Because all of the above this method is far from being a perfect solution and this is why I have mentioned that the evaluation should be done by yourself as you may find other negative aspects as well.

HTH,
Ioan

Jay · April 1, 2021, 11:15am

@indreias

Thanks loan, this is a valuable feedback. I’ll try it myself if i will find time to build and test this scenario.

In any case I’ll continue to use the currently backup deployment I have.

Thanks all @david and @indreias for all the insights.

Regards,
Jay

david · April 1, 2021, 12:22pm

I don’t know about the cli migration. That would pose a huge issue for me as I maintain multiple domains and I don’t have everyones email account passwords, nor do I want them due to security issues. The other problem I see also stems from if a user changes their password, those emails will never be moved to the backup server.

I think the best option here is as follows:

1.) stop axigen process
2.) snapshot the data store <<-- I understand your back end doesn’t support snapshots right now
3.) start axigen process
4.) mount snapshot
5.) rsync data to slave server
5.a.) I suppose you could also copy the snapshot to the remote server, but thats a whole different kettle of fish in my opinion and would take more time than it might be worth then just copying delta changes.
6.) unmount snapshot
7.) delete snapshot (potentially)

The service would be down for no more than a few seconds during the pause and snapshot of the data.

I’m also open to suggestions as well on this from other users on this forum. The backup of Axigen has always been troublesome for me. The backup feature works, but isn’t good for quick flip overs in case of emergency. The backup scripts works well for restoring individual / domains, but is time consuming.

This would allow you to keep a zombie server sitting idle with the latest version run x hours so in case of disaster, you could quickly bring it online and continue running without too much of a hickup.

For me, I also maintain an email archive server as well so every email is siphoned off to an archive server where users can login and restore and emails that might be missed if thats the case.

Basically I want to be a lazy admin and allow my users to go and login / search and retrieve their missing / deleted emails to their inbox without calling me to hunt and peck through backups.

david · April 3, 2021, 8:05pm

I’m not the best at scripting, but this should do the trick for anyone else using LVM and wanting to get full copies of the data.

The entire process of stopping and starting the axigen service was only seconds, so in theory, you could run this backup type nightly or a few times a day during downtime to keep more recent backups of your data. Overnight, lunchtime, end of day, etc.
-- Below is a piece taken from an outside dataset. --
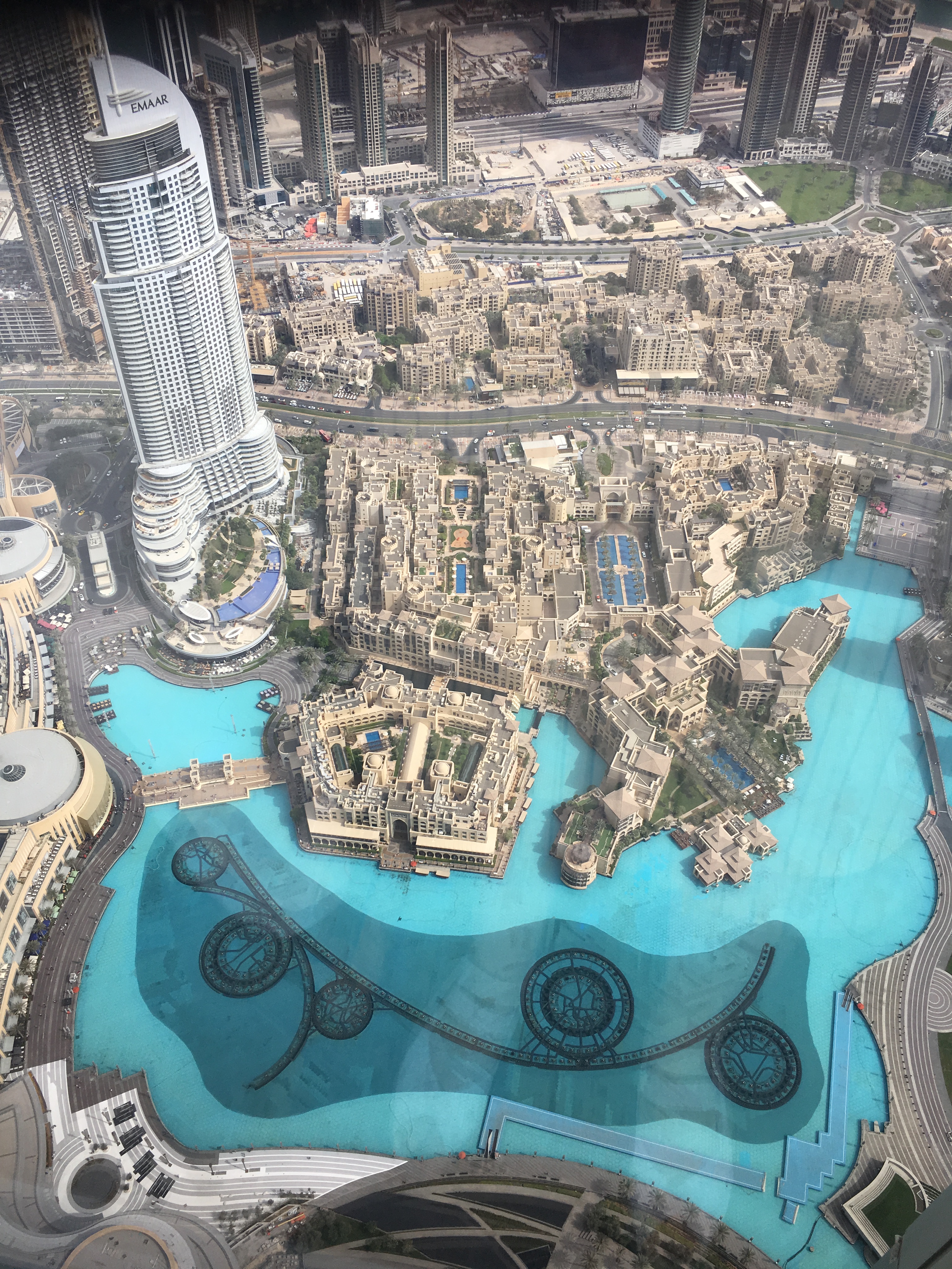 … Okay, man kann auch das höchste Gebäude der Welt erklimmen beziehungsweise in etwa einer Minute (!) mit dem Aufzug nach oben auf den Burj Khalifa fahren und über die Weite der Stadt und der Landschaft blicken, die nur durch eine leichte Diesigkeit, die in Dubai seltsamerweise meist herrscht, etwas eingeschränkt ist!

This is perfect for a backup server sitting somewhere else to ensure continuity of servers in case of disaster.
Happy to take feedback on this as well in case people have better ideas on how this can be done. The important thing is that this is a snapshot of the server so you can bring up the disaster server knowing that all the data was copied from the snapshot while the server is running.

I would add this a cronjob on your production server. This was built against Debian 10, so your results may very if you’re using a different distro.

########################################################################################
#!/bin/bash

#You should only need to edit these variables:
#########################################
snapshot=colonysnap
axigenstore=/dev/vg_axigen/lv_data
axigensnap=/dev/vg_axigen/$snapshot
temp=/mnt/snapshot
username=root
remote=10.10.10.230
remotestore=/var/opt/axigen
#########################################
######DO NOT EDIT BELOW THIS LINE######

#Stop mail server
echo “stopping mail server” >> /var/log/syslog
/bin/systemctl stop axigen.service
echo “mail server stopped” >> /var/log/syslog

#Create snapshot
echo “creating temporary snapshot” >> /var/log/syslog
lvcreate -L 4096MB -s -n $snapshot $axigenstore
echo “snapshot created successfully” >> /var/log/syslog

#Start mail server
echo “starting mail server” >> /var/log/syslog
/bin/systemctl start axigen.service
echo “mail server started” >> /var/log/syslog

#Mount Snapshot
echo “making directory” >> /var/log/syslog
if [ -d “$temp” ]; then rm -Rf $temp; fi
mkdir $temp
echo “mounting snapshot” >> /var/log/syslog
mount $axigensnap $temp
echo “snapshot volumes mounted successfully” >> /var/log/syslog

#Start copy of snapshot data
echo “starting copy to remote server” >> /var/log/syslog
rsync -aHx --numeric-ids --progress --delete -e ‘ssh -T -c aes128-gcm@openssh.com -o Compression=no -x’ $temp $username@$remote:$remotestore
echo “data copy successfully completed” >> /var/log/syslog

#Unmount snapshot
echo “unmounting snapshot” >> /var/log/syslog
umount $temp
rm -rf $temp

#Remove Snapshot
echo “removing snapshot” >> /var/log/syslog
lvremove -y $axigensnap
echo “done” >> /var/log/syslog
########################################################################################

Marcel · June 9, 2021, 8:34pm

Hello Community,
I tried this solution but unfortunately, Axigen touches the xx.hsf files continuously even when the md5sum of the file has not changed which leads always to a full backup. Do you suggest a solution for this behaviour? Why is Axigen touching the files anyway?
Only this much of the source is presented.